Enabling policies for low-ILUC risk value-chains

The low ILUC-risk concept is a basis to certify that additional feedstock can be produced from agricultural systems for biofuel production while avoiding broader market impacts and, most importantly, indirect land use change, thus putting pressure on food prices.

The concept of low ILUC-risk biofuel production is not new. The definition first entered the RED in 2015; since 2018 low ILUC-risk certification has had a defined role in the RED II, elaborated in the Delegated Regulation for ILUC-risk feedstock (2019); and the Implementing Regulation on voluntary schemes and low ILUC-risk certification (2021) lays out a basis for the inclusion of low ILUC-risk certification modules by existing biofuel sustainability standards.

Despite this evolution of the policy environment supporting the shift from concept to implementation, low ILUC-risk biofuel is, arguably, not yet a mature concept.

However, the combination of the factors below has created a new context.

  • the development of project-level certification rules for low ILUC-risk feedstock by the European Commission,
  • the discussion on enhanced renewable energy targets under the Fit for 55 package, and the ongoing debate about RED III.
  • the increased attention on competition between food and fuel due to the war in Ukraine has stimulated renewed interest in biofuel production pathways that can deliver emissions reductions without interfering in food markets.

There is currently a gap between the legislative reality for low ILUC-risk fuels (where the most evident value proposition exists only for low ILUC-risk palm oil) and the conceptual reality, which is that a variety of low ILUC-risk systems can be imagined across a spectrum of feedstocks. The BIKE project seeks to explore the potential for policy action to develop a value proposition for this broader range of low ILUC-risk projects.

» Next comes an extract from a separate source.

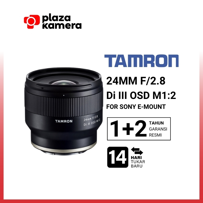 Tamron 24mm f2.8 Di III OSD M1:2 For Sony adalah lensa prime yang ramping dan ringan yang dirancang untuk kamera mirrorless Sony E-mount full-frame. Dengan memanfaatkan aperture maksimum f/2.8 yang sederhana, lensa ini tetap memiliki desain yang sangat ramping, membuatnya ideal untuk aplikasi fotografi perjalanan. Salah satu kelebihan lainnya adalah rasio perbesaran maksimum setengah hidup 1:2 dan jarak fokus minimum 4.7″ untuk bekerja dengan subjek close-up.

BIKE partner EXERGIA has reviewed the existing EU policy regarding low ILUC-risk fuels, looking at the institutional landscape, identifying policies that can enable the development of low ILUC-risk supply chains, and making recommendations for the development of a supporting framework in the EU. The ongoing revision of the Renewable Energy Directive is a great window of opportunity for setting up a more favorable policy environment.